▽

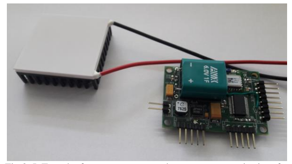
Fig.3 IoT node for temperature and movement monitoring for medical purposes

The device (see Fig.3) consists of one mainboard with central microcontroller and accelerometer, temperature sensor, Bluetooth module and storage capacitor. The Peltier cell is connected externally and allows change in size and power.
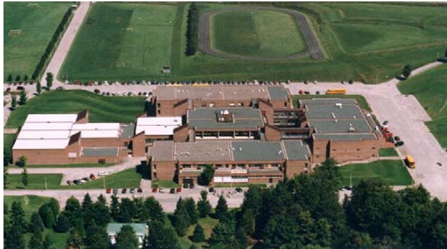
Eastern Townships Learning Centre
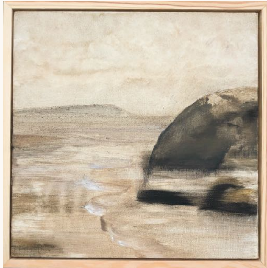
Tide's out, Squeaky beach SOLD Earth pigment on canvas with pine frame 30x30cm $450

△

» WHAT YOU SHOULD DO:
Here the job is to quote the lines from the one with "Eastern Townships Learning Centre" through the end of the material, both included, exactly; please skip the pictures.

» RESULT FOR THIS EXERCISE:
Eastern Townships Learning Centre
Tide's out, Squeaky beach SOLD Earth pigment on canvas with pine frame 30x30cm $450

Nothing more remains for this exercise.